According to LSEG Lipper data, investors withdrew a net $25.71 billion from global bond funds during the week, the biggest amount for a week since April 1, 2020.

U.S. Treasuries saw heavy selling this week after President Donald Trump escalated the trade war with China, lifting tariffs on Chinese imports on Wednesday to an effective rate of 145% and fuelling concerns that Beijing could raise its own duties. China did take that step on Friday, hiking its tariffs on U.S. imports to 125%.

The benchmark 10-year U.S. treasury yield has so far increased about 45.5 basis points to 4.45% this week, the biggest increase in a week since November 2001.

Some analysts said the selloff in U.S. bonds signals a shift in global confidence, with Treasuries, long seen as the bedrock of the financial system, coming under strain from rising geopolitical tensions and doubts over U.S. financial dominance.

By region, investors pulled a net $15.64 billion from U.S. bond funds in the week to April 9, logging the biggest weekly net sales in over 27 months.
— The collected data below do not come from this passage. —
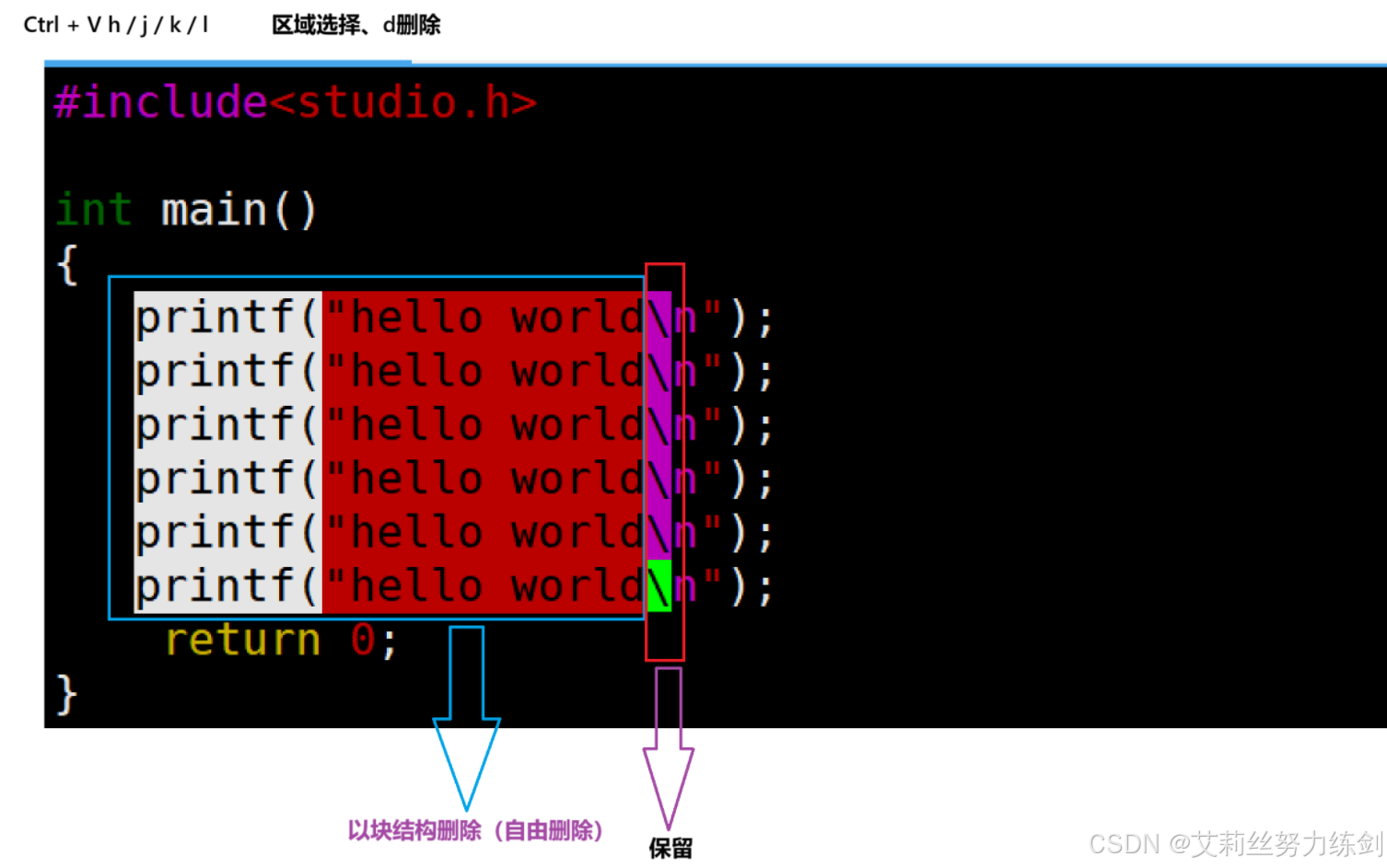 2、删除列:【x】,光标位置向后一次删除一次——
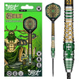 Wield your spear and flaunt your antlers. The Cernunnos dart set captures the wisdom of this forest guardian and mystical Celtic god of beasts and wild, mist-shrouded landscapes. With its intricate texture, its Celtic Cross, and Briar grips carved like the bark of mighty oaks and coated in green and gold, this front-weighted 90% tungsten barrel will help you see the wood for the trees.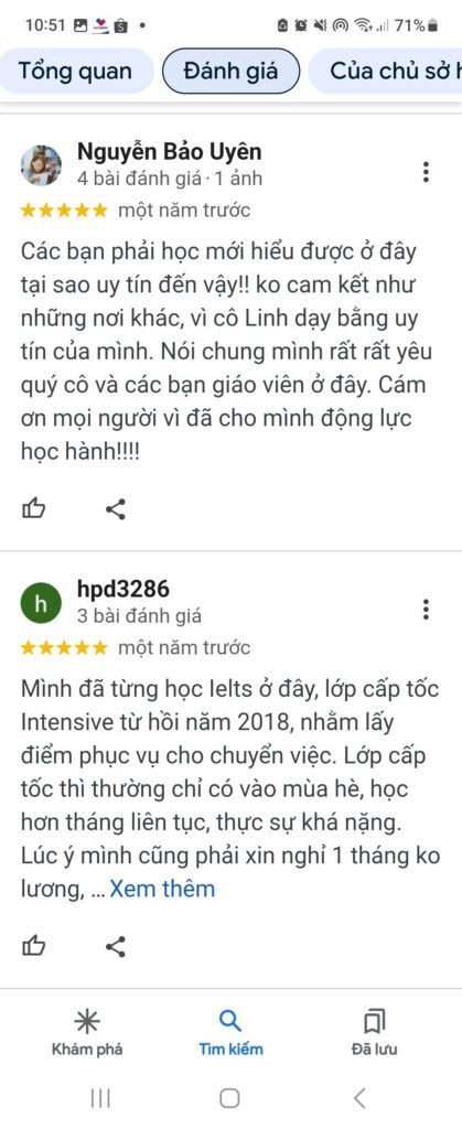 Các bạn phải học mới hiểu được ở đây tại sao uy tín đến vậy?? ko cam kết như những nơi khác, vì cô Linh dạy bằng uy tín của mình. Nói chung mình rất rất yêu quý cô và các bạn giáo viên ở đây. Cám ơn mọi người vì đã cho mình động lực học hành !!!

Investors also ditched $12.72 billion worth of European funds, while Asian funds saw about $289 million worth of net inflows.

The high-yield bond funds and loan participation funds saw intense selling pressure as investors divested these funds to the tune of $15.92 billion and $6.69 billion respectively during the week.

Safe-haven money market funds saw a second straight week of net inflows, drawing in $25.8 billion.

Investors also pulled $10.7 billion from global equity funds amid sharp market volatility.

Sectoral equity funds posted record weekly outflows, led by financials, healthcare and tech, which saw net redemptions of $3.23 billion, $1.21 billion and $867 million, respectively.

At the same time, gold and precious metals funds saw net inflows of $1.03 billion, marking their ninth straight week of gains.

Among emerging market funds, equity and bond funds logged their biggest weekly outflows in over four months, at $4.9 billion and $3.6 billion, respectively.